An artist's impression of AT's light rail plan for Auckland. Photo / Supplied
An artist's impression of AT's light rail plan for Auckland. Photo / Supplied

The private dialogue continued through 2018, including the co-ordination of PR efforts between the fund and the Beehive ahead of the fund's "surprise bid" that May with Canada's Caisse de depot et placement du Quebec (CDPQ), now called NZ Infra.

Twyford says there is nothing unusual about this, that the proposal was unsolicited and that any suggestion he has lied about that is defamatory. Roche, Cullen and NZ Infra have publicly backed him up. Cullen says the secret January 2018 meeting was "to ensure that the Government was aware that the Super Fund was interested in putting forward a proposal and that space was made to listen to that proposal".

Twyford says there are no conflicts of interest between Roche's activities for the fund and his new role as chairman of NZTA. This is despite NZTA now competing with NZ Infra for the project.
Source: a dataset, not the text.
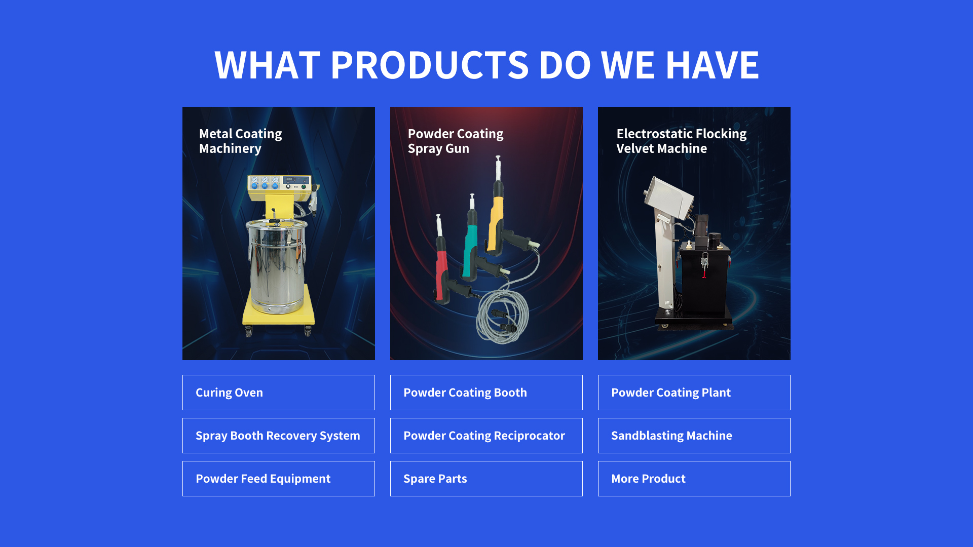 Application scenarios of Manual Powder Coating Lines Manual Powder Coating Lines Application: Small batch production, custom work, and prototyping.Features:Lower initial investment.High flexibility and adaptability.

Regarding any possible conflict between Cullen's activities for the fund and his then role as an AT director, Twyford says Cabinet Office advice is that questions should be directed to Auckland Council.

Twyford also struggled to answer parliamentary questions from National's Chris Bishop about how the unsolicited proposal met the Government procurement rules for such bids.

With public transport lobbyists Greater Auckland, Generation Zero and Bike Auckland joining with the Employers and Manufacturers Association, Automobile Association and Heart of the City to protest the Government's lack of transparency, it is increasingly likely that the matter will end up with an Auditor-General's inquiry.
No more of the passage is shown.